The unusual topography of the Pacific coast region reveals other new and difficult problems but with aggressiveness characteristic of railroad trail blazers, the builders pushed forward. Straight as a crow flies they pressed through valleys and across grazing lands, then winding and twisting a mile high along the ridge of the Sierras for more than 100 miles.

While American Railway Association committees met in Washington, to urge safety laws governing grade crossings, progressive western states and counties, working in conjunction with the railroad were moving entire sections of highway, making overhead passes and eliminating grade crossings wherever possible.

Cattle passes, something unknown to many travelers, appear frequently in the grazing country. Corrugated culverts seven feet in diameter, their bottoms covered with gravel were installed at the base of the roadbed. Herds of cattle can roam at will on either side of the track without interruption to train movements.

Construction methods, too, are far different now than when the first rails were laid from east to west along the Great Northern and Western Pacific. The Chinese coolie with picturesque hat and big wicker basket has vanished from the grading camps. Even the familiar horses and mules have almost entirely disappeared. One veteran contractor kept a few horses at work just for sentiment - his superintendent and himself were perhaps the only two men on the job who could actually handle a team and scraper.

Tractors supplanted the faithful four-footed beasts of burden, compressed air drills and electric locomotives speeded the boring of tunnels, drag line excavators replaced thousands of hand shovels. All latest type modern equipment was at hand: gasoline cars, automobile trucks, hydraulic dump excavators of ten cubic yards capacity, rock crushers, road graders, dump cars handling eight times the amount the old Fresno scraper was built to carry. Hydro-electric power, generated in mountain plants, was used for the hardest tasks.

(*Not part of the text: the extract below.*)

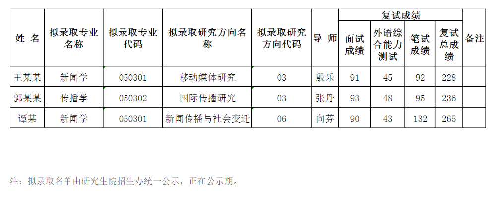 中国社会科学院大学新闻系2019年招收推免生复试结果

This was the first big railroad job in which such a large percentage of work was done by modern machinery. The engineers actually speaking, did not realize how fast they could move the earth. Consequently, trains were running over the rails almost a year ahead of the proposed schedule.

Until a few years ago, north-eastern California lands lay practically idle. Due to the poor transportation facilities even agriculture could not be conducted on a large scale. Four entire counties situated high up in the Sierras were known as "six months country"; settlers were able to leave only during the summer months.

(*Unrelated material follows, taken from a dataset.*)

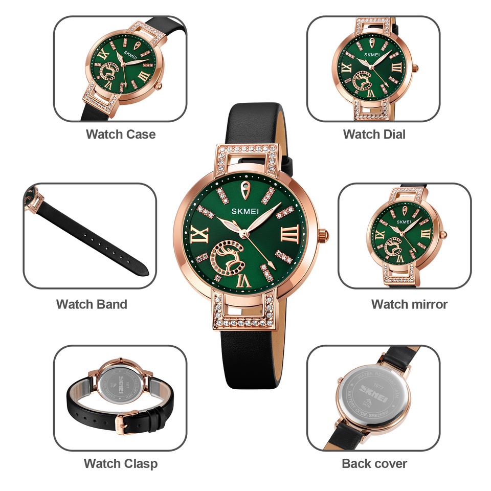 Brand : SKMEI Model : 1977 Gender : Wanita Diameter Case : 34.5mm Tebal Case: 9mm Bahan Case : Zinc Alloy Panjang Tali : 23cm Lebar Tali : 12mm Bahan Tali : PU Leather Tipe Buckle : Pin Buckle Display : Analog Mesin : Japan Movement Water Resistant : 3ATM Fitur : Jam, Menit, Detik.

Cattle and sheep had to be driven on the hoof for great distances to reach shipping points. A 40 mile trek to the nearest loading chute was not an uncommon trip for the herders. It is still a hunter's paradise: the land of wild game where mule deer, bob-cat, mountain lion and bear are in abundance, together with numerous wild fowl.

Truly, this country served by the new rail line is an empire - a territory as long as the state of Ohio and as wide as Connecticut. Adjacent to the new transportation line lies some 400,000 acres of agricultural land in addition to vast sheep and cattle ranges. Less then one fourth of this farming soil is now under cultivation. Along the Oregon-California boundary, in what is known as the Tule Lake section, a reclamation project is adding 122,000 more acres; 41,550 acres in Oregon and almost twice that area in California.

Ranches blocked off in parcels of sixty acres are given to settlers by the Federal Government under the Homestead Act. Water is supplied from Klamath Lake nearby by means of irrigation ditches. Such virgin soil promises a rich return from bumper crops of alfalfa, hay, grain and potatoes. Three thousand car-loads of "spuds" is the anticipated haul for a season - and the country is scarcely opened up. A few thousand acres of land still remain to be reclaimed.

Straight as the surveyor's line the tracks traverse the heavily timbered region near Westwood, in the north, where yellow pines raise their lofty tops high into the air. Westwood is one of the few remaining typical lumber towns in our country. Every individual in the place depends upon the lumber industry, every house and store is served by it. Something like 36,000,000,000 feet of timer, board measure, are available in this territory alone.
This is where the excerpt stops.